Tuesday, November 24, 2009

THE INCANDESCENTS: Marilyn Monroe; NikolaTesla & Georgia O'keeffe

"If then your whole body is full of light, with no part of it in darkness, it will be as full of light as when a lamp gives you light with its rays" Luke `11:36

"Marilyn In Her Pucci Mirror Blouse" oil on canvas 62" x 48"painted by Cherie Bender: When I paint, I need light.  There is no question, an artist may not paint in the darkness. Light is a necessary part of the creative process.  In actual fact and in the rendering of a work of art, light is an absolute factor.  I am also committed to bringing light into my paintings visually. My oil painting of the incandescent, iconic, actress Marilyn, as pictured here, is a work in progress as I plan on creating an abstract panel in oils, which will make this painting ~ Marilyn In Her Pucci ~ a diptych. 
This leads me to the second luminous presence of this unlikely grouping which I have chosen: Nikola Tesla, inventor, the father of modern electricity.  Born in 1856, the man was a pure genius. As a child he had the vision of harnessing the power of Niagra Falls, New York, having never been there and while living in what is today known as Croatia. Later, he achieved his goal and changed history. Nikola Tesla worked for Edison in this country who ripped him off for  over 1 million dollars which Edison had promised him.  Just before he died, Edison admitted his greatest regret was trying to pursue direct electrical current rather than the vastly superior alternating current invented by Tesla.  Tesla became a US naturalized citizen and was awarded posthumously a patent for the radio which had been denied him by the US during his lifetime and given to his rival Marconi who was later discredited. 

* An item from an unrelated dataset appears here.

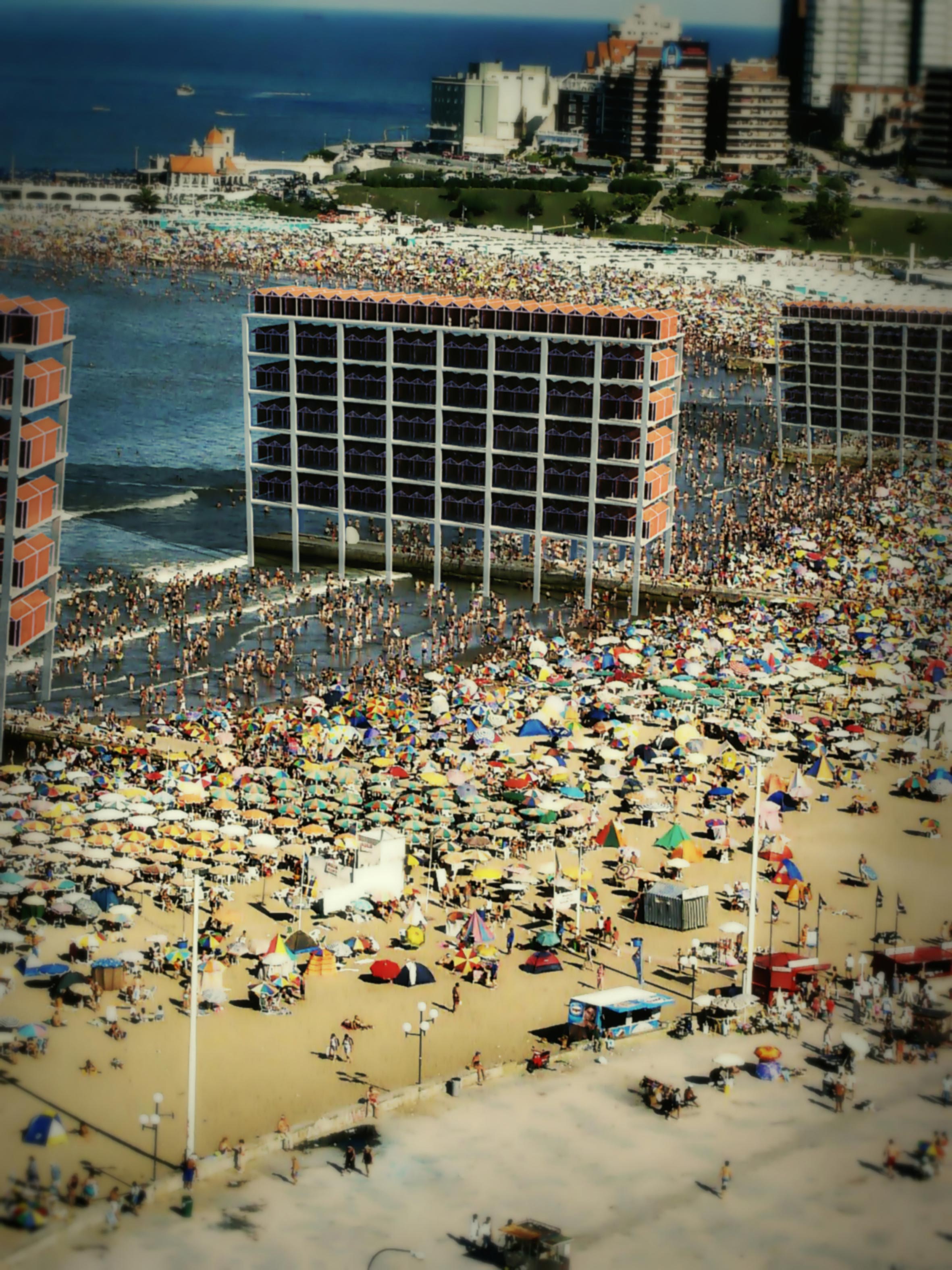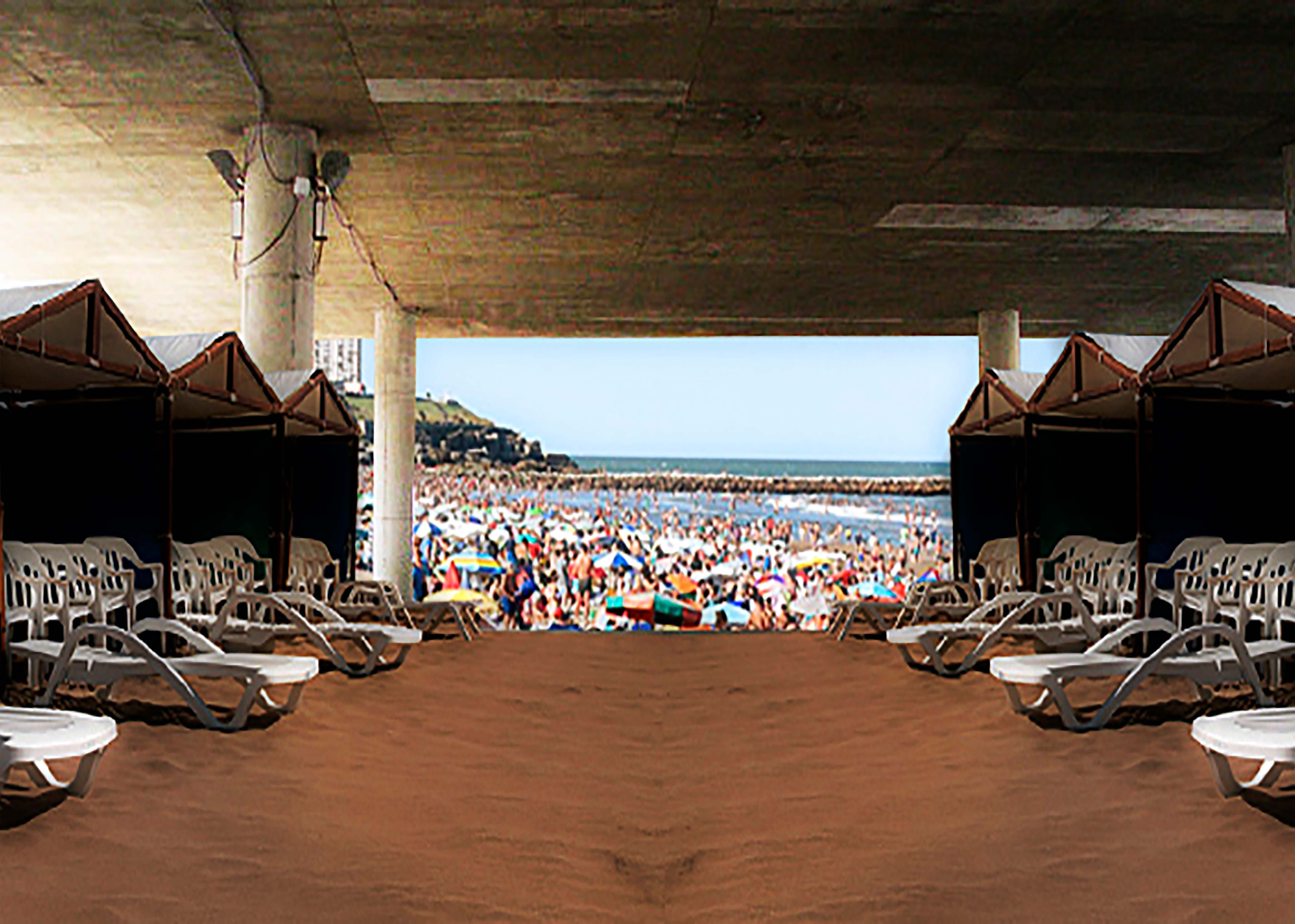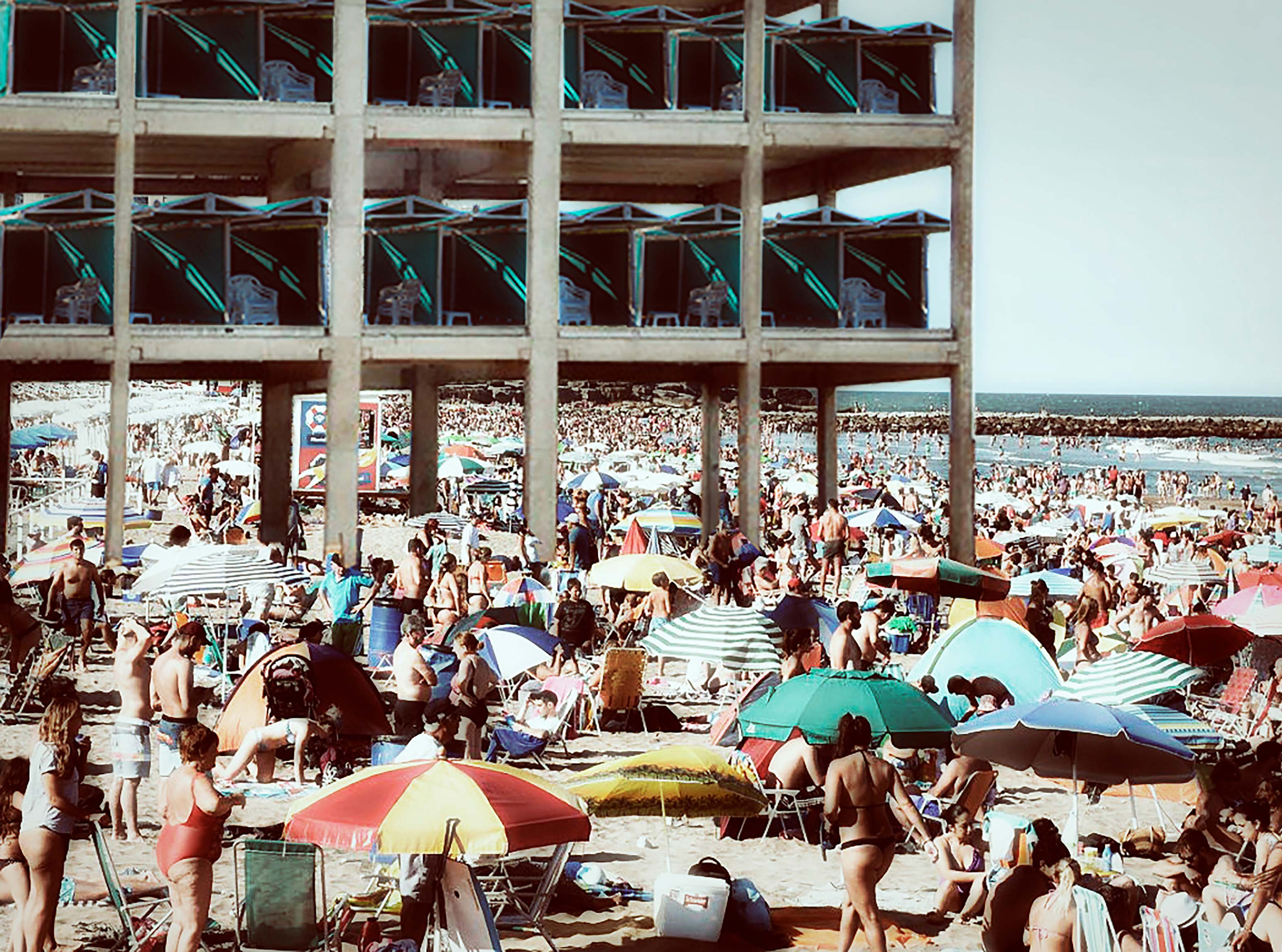 Edificios a metros de la costa. Paradores bolicheros a metros del mar. Recintos privados de suelo arenoso con parcelas marcadas por sogas. Carpas con vecinos en parcelas numeradas y pasillos de circulación. Reposeras de plástico, dos por carpa. ¿Cuánto más puede parecerse a nuestra irremediable manera de estar juntos la ciudad balneario?

I like very much that Tesla believed in the equality of woman, and predicted that women would become the dominant sex in the future, the "Queen Bees". He certainly was way ahead of his time, and it was spoken about him in his lifetime and even believed now,that he was really an alien or angel from the planet Venus, come to earth to give us these great electrical gifts.


Tesla's luminous presence is still very much with us: along with the many obvious inventive gifts he left us, there is a popular heavy metal rock band "Tesla" named after him; and recently a car, the Tesla Roadster, which runs on lithium battery cells and can go from 0-60 mph in 3.9 seconds; David Bowie starred in a  2006 movie "The Prestige" about Tesla's life; The US government owes most if not all  of our early warning defense system to Tesla, and Google honored Tesla in their search home page this year, on his birthday, the tenth of July, 2009, with the G as a Tesla coil ..... these are just a few of his great contributions. Tesla died alone and financially indigent in the New Yorker Hotel in 1973.... although he is greatly honored today.  Which leads me to the third and last luminous presence, unlikely though it may seem, but likely in view of the fact of myself as painter.....

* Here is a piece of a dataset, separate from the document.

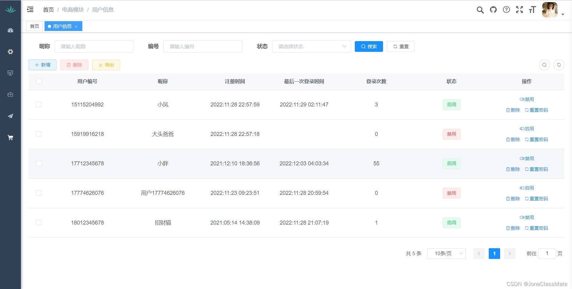 2.2 管理用户信息 (新增,删除,禁用,启用,重置密码)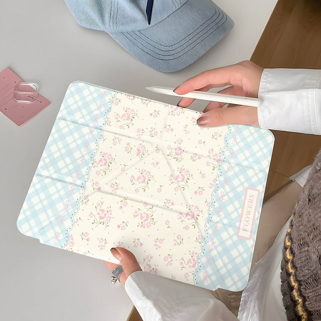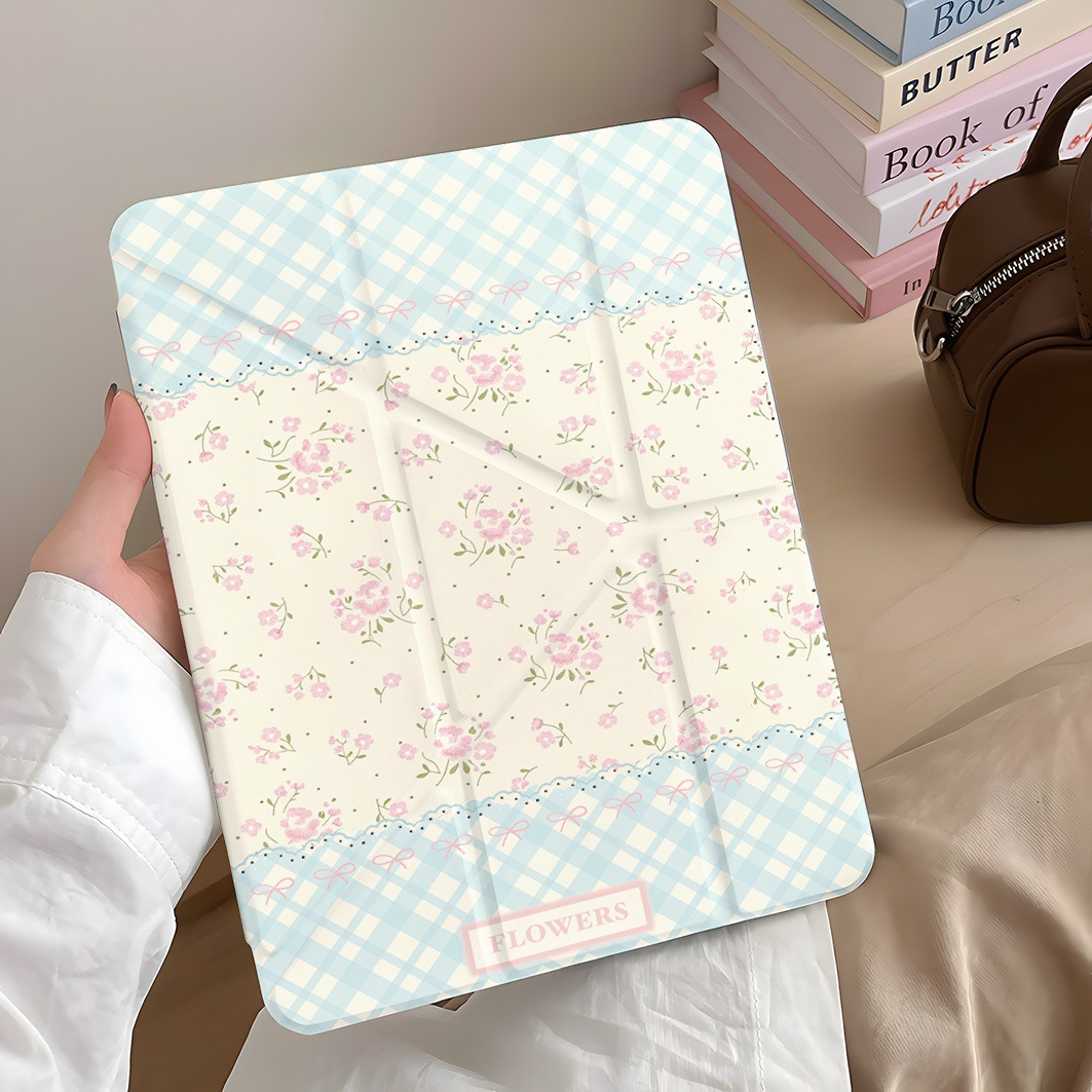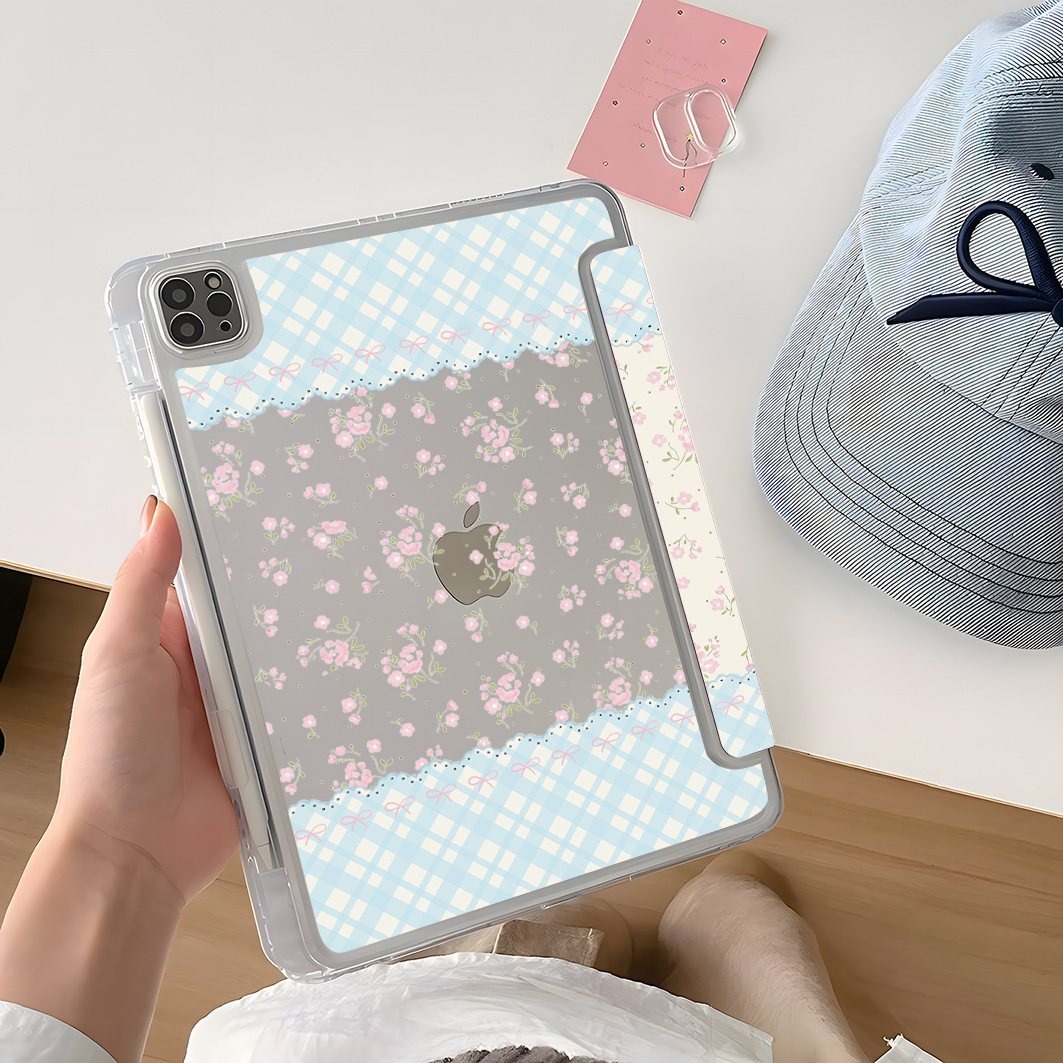 플라워 블루체크 아이패드 케이스

Georgia O'Keeffe. Georgia who has been my inspiration and personal hero ..... a "Queen Bee" of women painters if there ever was, she is most certainly one.



Georgia who did the opposite of all the "city men", Georgia who painted in vibrant, pulsating, moving color when they painted in static grays "I can paint one of those dismal-colored paintings like the men" she said in 1922, and she did so: a painting of a shed "all low toned and dreary with the tree beside the door"  calling it "The Shanty" and hanging it in her next show. "The men seemed to approve of it" she said fifty four years later. " They seemed to think that maybe I was beginning to paint. That was my only low-toned dismal-colored painting."

Because she was her own person, and because she did not do the expected, Georgia decided to live in Texas with her sister for a time, where there were no trees and no one to tell her how to paint them... there was only the horizon.  She and her sister Claudia would go for walks in the late afternoon away from the town and toward that horizon, to watch the evening star come out. "That evening star fascinated me" she wrote. " It was in some way very exciting to me.  My sister had a gun, and as we walked she would throw bottles into the air and shoot as many as she could before they hit the ground. I had nothing but to walk into nowhere and the wide sunset space with the star.  Ten watercolors were made from that star" I am compelled as much by Georgia's sister Claudia with the gun, as by the painter Georgia with the star......  but only the painter left us this incandescent, luminous, shining record. Ten watercolors were made from that star.